' Modern 'Pods' Give a Log Cabin Compromise

A millennium-old conundrum for families — and extended families — is that while of course everybody loves one another and wants to spend some time together, sometimes people just want their distance. That was true when a Spokane, Washington, couple and their two grown children — one’s married with three children, the other is one chef — decided to pool resources and build a family holiday cabin on Lake Coeur d’Alene in nearby northern Idaho.

However, how do four individuals from two generations with varying needs and styles create a dream home together? Architect Matthew Collins of Uptic Studios responded with what he predicts pods — different regions in the house that afford privacy, with a fantastic space as the main interacting area.

in a Glance
Who lives here: That is a holiday home for a couple in their 60s and their children and grandkids.
Location: Coeur d’Alene, Idaho (about Half an Hour east of Spokane, Washington)
Size: 3,200 square feet (4 pods, 750 square feet each, plus a 200-square-foot bridge); 5 bedrooms, 4 1/2 bathrooms
Budget: About $250 per square foot, not including extensive site function to divert a underground spring

Uptic Studios

Collins had to find the joyful design medium for the two generations. The elderly couple needed a more traditional log cabin style. Their children wanted something more contemporary. They finished up with a contemporary interpretation of a log cabin that mixes concrete floors, a pine wood ceiling and metal accents.

And while everybody has different private pod areas, they all interact in the spacious living, dining and kitchen spaces.

Inverted steel poles and tension bars pull on the ceiling beam, so forcing it up to help support the pine-covered cantilever roof. Without this intelligent system, Collins says, a much bigger beam could have been required.

Uptic Studios

The family likes to cook and entertain, so they wanted the dining and kitchen space to be designed more for social gathering than formal dining.

A miniature storefront door acts as a window that fully opens to link the kitchen into an external deck.

Uptic Studios

The window also acts as a serving channel and bar area, letting guests on the large ipe wood deck to engage with those from the kitchen.

Uptic Studios

The concrete’s feel on the towering fireplace stems in a old-school board-form process from 200 decades ago, Collins says.
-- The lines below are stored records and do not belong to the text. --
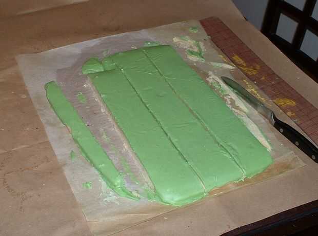 Una vez que el glaseado es totalmente duro es el momento para hacer azulejos de cookie. Tomar cada rectángulo helado galletas y cortar la Plaza de los bordes con un cuchillo bien afilado. Medir una cuadrícula 2", anota la guinda con una navaja o un alfiler para crear a Guía de líneas. Si usted está cortando a través de uno del chocolate rematada rectángulos cookie entonces tenga cuidado de no dejar la rotura del chocolate en trozos desiguales como cortes (corte a través de chocolate frío es duro). Para evitar grietas que calentar un poco antes de intentar cortarlo y utilizar más de un movimiento de sierra para corte a través de la capa superior de chocolate frío. Sin embargo cortando en azúcar glas o la galleta sí mismo uso firmes pasadas hacia abajo para reducir al mínimo las migas y el rasgado.
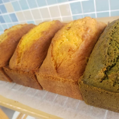 ▶︎パウンドケーキ;バター(国産)、小麦粉、グラニュー糖、卵、かぼちゃパウダー、安納芋パウダー、ほうれん草パウダー、ベーキングパウダー(アルミフリー)(一部に卵、乳、小麦を含む)
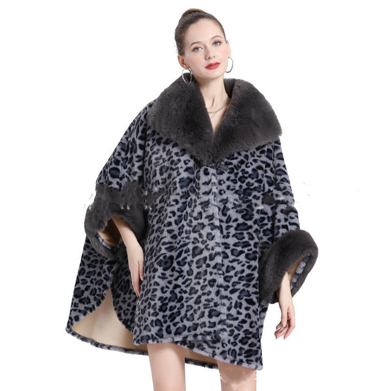 Leopard Print Big Hair Leader Mouth Cardigan Cape Women

Numerous sizes of plywood are piled up, creating a form that is then filled with concrete. Once it has hardened, the boards are ripped off, exposing the grain of their wood detail and plank lines on the concrete.
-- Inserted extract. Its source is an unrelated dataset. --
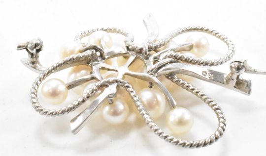 A group of vintage pearl jewellery to include a platinum and pearl Mikimoto brooch in the from of a floral spray (tests indicate platinum, makers marks to verso, AF, clasp damaged), two cultured pearl necklaces, a multi strand simulated pearl necklace, and some loose simulated pearls. Mikimoto brooch measures 4.5cm wide. Weight 10.5g.
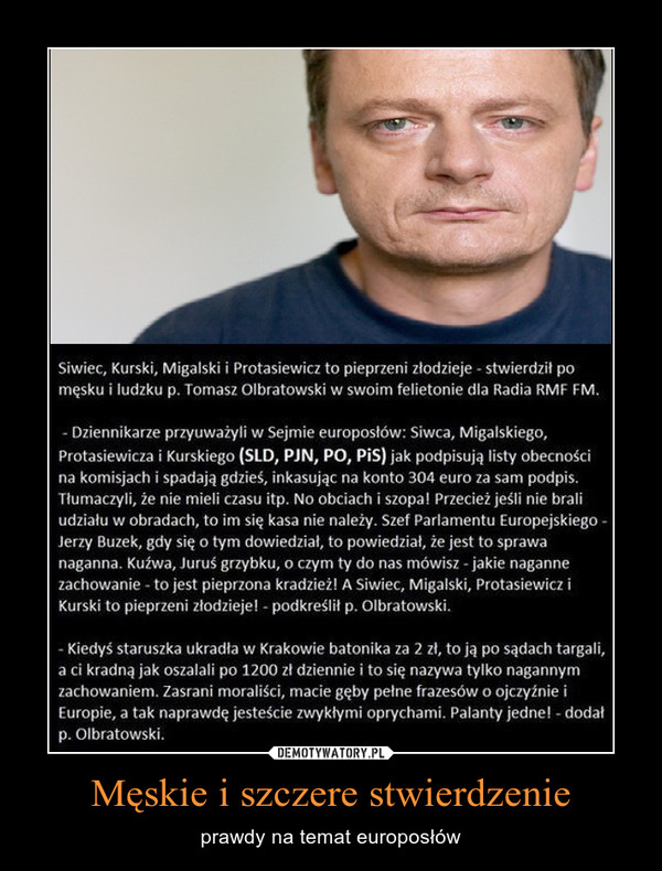 Siwiec, Kurski, Migalski, Protasiewicz (niemal pełne spektrum darmozjadów) to pieprzeni złodzieje stwierdził Tomasz Olbratowski w swoim felietonie dla radia RFM MF. Wymienieni podpisują listę obecności i spadają na pilniejsze zajęcia inkasując na konto po 304 euro za podpis. Dla Buzka, szefa europarlamentu to sprawa naganna, a staruszka w Krakowie za kradzież batonika za 2 zeta po sądach III RP jest targana!

Rain screen–style fir wood panels make up the interior walls. Here they’re placed over drywall that’s been painted.

Uptic Studios

The elder couple are big contributors and wanted a silent library space in their pod. Collins worked to incorporate the built-in casework, painting it white to create negative space that highlights the warm wood.

The mix of wood with concrete, and taxidermy with a contemporary couch, strikes the balance of traditional and contemporary that Collins was aiming for.

Uptic Studios

The older couple’s bedroom feels expertly joined to the lake, with big windows that tug light into a private balcony that delivers a 270-degree view of the serene water.

2 frosted-glass doors direct into the library, letting light through but additionally allowing privacy.

Uptic Studios

A sliding door allows the senior couple shut their glider off from the remainder of the house.

Barn door components: Krownlab

Uptic Studios

The daughter and her husband and three children occupy the bottom floor of one of the pods. It’s a kitchenette, washer-dryer, dining nook, bedroom and bunk room.

Staircase: Burly Products

Uptic Studios

The younger couple’s bedroom has double doors that completely open up to a little patio and staggering views of the lake.

Uptic Studios

The kids’ bunk room can sleep six.

Uptic Studios

A lot of the design in the area is a reply the intense seasons: over 100 degrees Fahrenheit in the summer, under zero in the winter. This causes an aesthetic that bears some “beefiness,” as Collins puts it.

A large cantilevered roof shields the house and its cantilevered deck distances from sun, snow and rain, with a design philosophy that keeps the structure vulnerable.

The underside of the roofing is pine; it carries into the interior of the house to develop into the ceiling.

Uptic Studios

Four pods — two wings with two pods one in addition to the other — are joined by an interior bridge, creating a dog-bone shape, Collins says. One of the pods is your combined living, dining and kitchen spaces; it opens into an expansive deck. The other pods would be the personal bedroom locations.

The land posed many challenges. Not only is it sloped and narrow, but a natural spring runs beneath the hillside. “You can poke the dirt anywhere and water could come out,” Collins says. This resulted in the two-part design. “I would really like to say it had been my own genius,” he says. “However it was just reacting to these variables.”

A comprehensive drainage system was installed to divert water around the base.

Uptic Studios

Wanting to maximize outdoor space, Collins avoided using columns on the deck. Instead he designed this steel beam program to support the cantilevered roof and permit windows to extend all of the way to the ceiling.